Anybody who looks at the new iPad side by side with any Android tablet on the market (except maybe the Samsung Galaxy Tab 7.7 with its Super AMOLED Plus screen and 196PPI screen) will love the iPad and probably reject the Android tablet. The difference is truly remarkable, particularly if you use a tablet for text—which on the iPad looks like a nicely printed magazine. I think Android Ice Cream Sandwich is a superior tablet operating system, but I keep getting dragged back to the iPad because of that screen. It’s a testament to just how brilliant Apple is (and also what having $100 billion in the bank can do for creating a supply chain advantage, but that’s a different discussion).
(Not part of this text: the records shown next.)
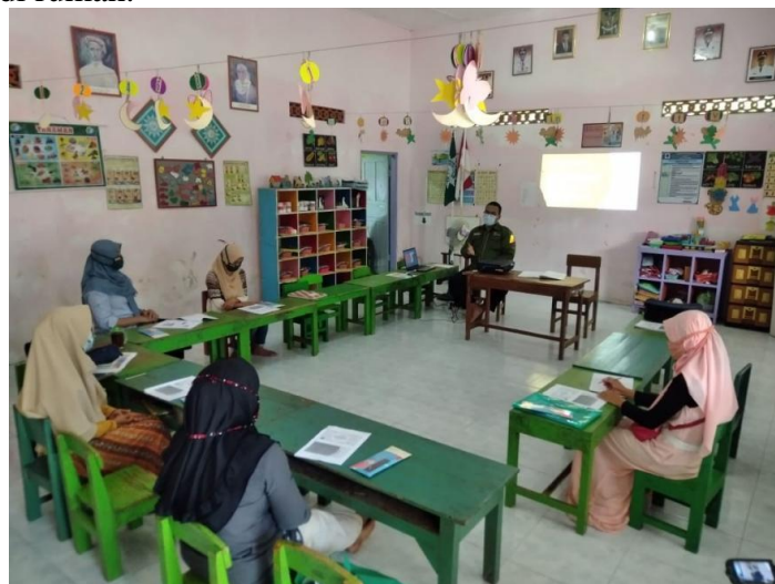
Gambar 1. Pembekalan bagi orang tua siswa

Kegiatan peningkatan kapasitas guru telah dilakukan pada dengan peserta guru TK ABA Tlogolelo yang berjumlah 5 orang yaitu 3 guru, 1 kepala sekolah, dan 1 karyawan.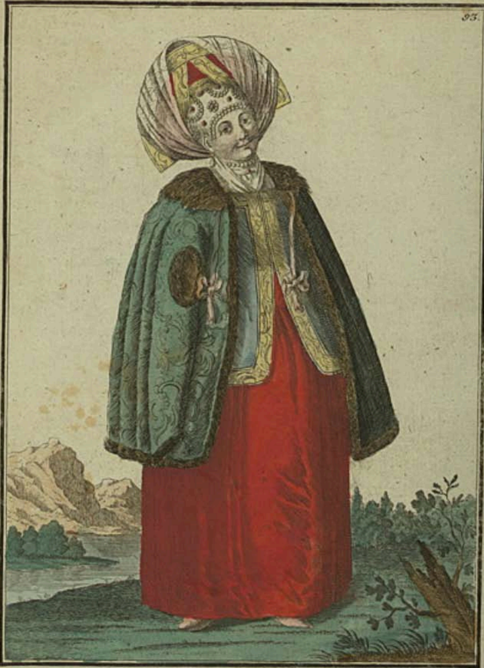
Калужская женщина въ зимнемъ платьѣ. Eine Kalugische Frau im Winterkleide. Une Femme de Kalouga en habit d'hiver.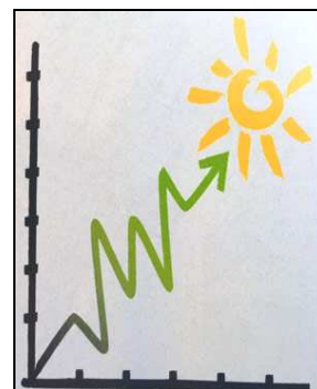
Embellie pour 2019

Au cours de l'année écoulée, pas moins de 350 personnes ont franchi la porte de nos archives, habitués ou visiteurs occasionnels, ceci en dehors de la traditionnelle journée portes ouvertes et des visites effectuées à l'extérieur. Cela fait une moyenne de 29 visiteurs par mois, répartis sur deux jours d'ouverture hebdomadaire, raison pour laquelle nous avons décidé d'ouvrir également le lundi matin dès le début de l'année 2019.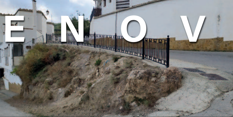
AVENIDA DE ANDALUCÍA (EL GOLCO)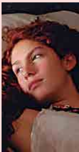
Cena do longa de Hilda Hidalgo

Baseado no romance homônimo lançado em 1994 pelo saudoso escritor colombiano Gabriel García Márquez (1927 - 2014), que ganhou o Prêmio Nobel de Literatura em 1982 pelo conjunto da obra, o longa-metragem intitulado Do Amor e Outros Demônios será exibido hoje, a partir das 18h, dentro da programação do Cineclube "Verbo & Imagem", da Academia Paraibana de Letras (APL), localizada na cidade de João Pessoa. A sessão é única, gratuita e quem vai comentar o filme com o público é o escri-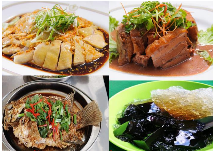
ลิ้มลองอาหารขึ้นชื่อของเบตง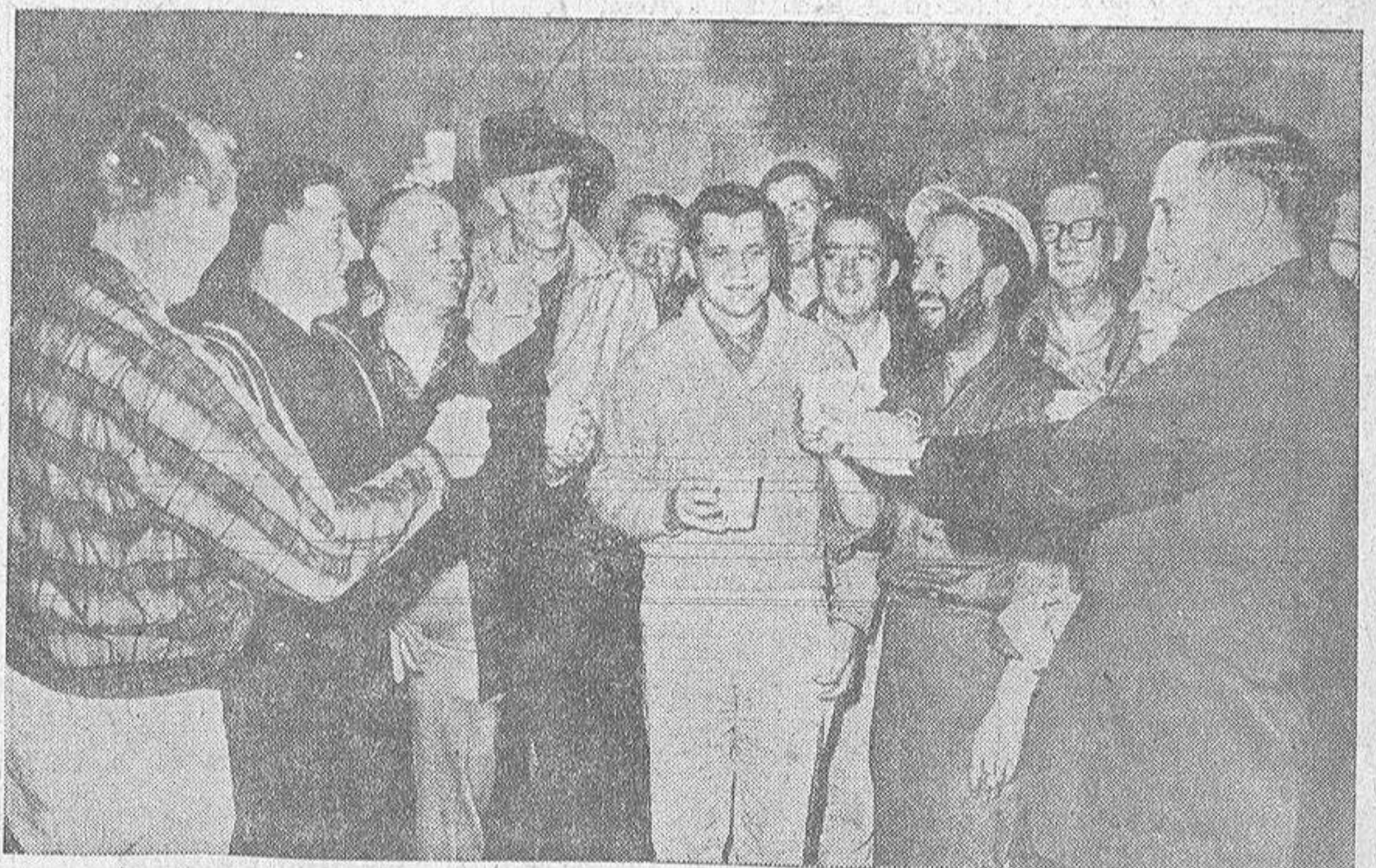
Gary Powers—en el centro de este grabado—acaba de ser festejado por un grupo de amigos al regresar a su pueblo natal, Pound, en Virginia. El piloto del "U-2" derribado en la Unión Soviética, durante un mes ha tenido que sufrir los interrogatorios sobre su comportamiento en Rusia. La encuesta ha concluido satisfactoriamente y Powers recibirá todos los sueldos que se le adeudan.

The Ecosystem Really Is Better
My second reason I’m changing my mind is that the app disparity between the iPad and Android tablets is much, much larger than I suspected. With only a few exceptions, apps on the iPad are not only vastly more plentiful, they’re also better. If you’re lucky, you might be able to find all the tablet-optimized apps you need for Android tablets, but then you’ll miss out on all of the cool, useful, and just plain fun apps that you probably don’t even know existed. Whether it’s inherent in the design of iOS or whether it was a conscious decision on Apple’s part, iPhone apps don’t work very well on the iPad, which forces developers to make iPad versions. Compare this to Android, where smartphone apps kind of, sort of work on Android tablets but look bad and are much less functional. The difference is palpable.

Also, Google should be ashamed of how hard it is to find what good tablet apps there are in Google Play. Go into the App Store, and you’re automatically presented with iPad apps where available (and mostly, they are). Do a search, you’re giving iPad apps as the result. Look at feature apps lists, and iPad apps are at the top. The App Store assumes that, since you’re using an iPad, you’ll be interested in iPad apps. Google Play acts like it couldn’t care less what you’re using, and maybe that’s because there just aren’t that many tablet-optimized apps to show off.

So, What Now?
Future Android tablets will have higher resolution screens, such as the upcoming ASUS Transformer Infinity TF700. I can’t wait to see them, because frankly no Android tablet on the market today can compete with the iPad, even at a lower price. And, perhaps once a larger percentage of Android devices run Ice Cream Sandwich, we’ll see more developers writing apps that can take advantage of a tablet’s screen real estate. I certainly hope so, because I’m already making an investment in the iPad app ecosystem.

If both of these happen soon enough, and Android tablet makers follow my advice and compete strongly on price, then the Android tablet might have a prayer of becoming a real player. If not, then I’m afraid that the combination of the iPad and Windows 8 tablets (a true dark horse if there ever was one) might be too much to overcome. And if people are buying iPads and Windows 8 tablets, will that spill over into the smartphone market?

It’s becoming more and more apparent that 2012 will make or break Android, and I do hope Google and Android manufacturers can turn things around. Otherwise, 2013 might be the year when Apple and Microsoft start digging Android’s grave.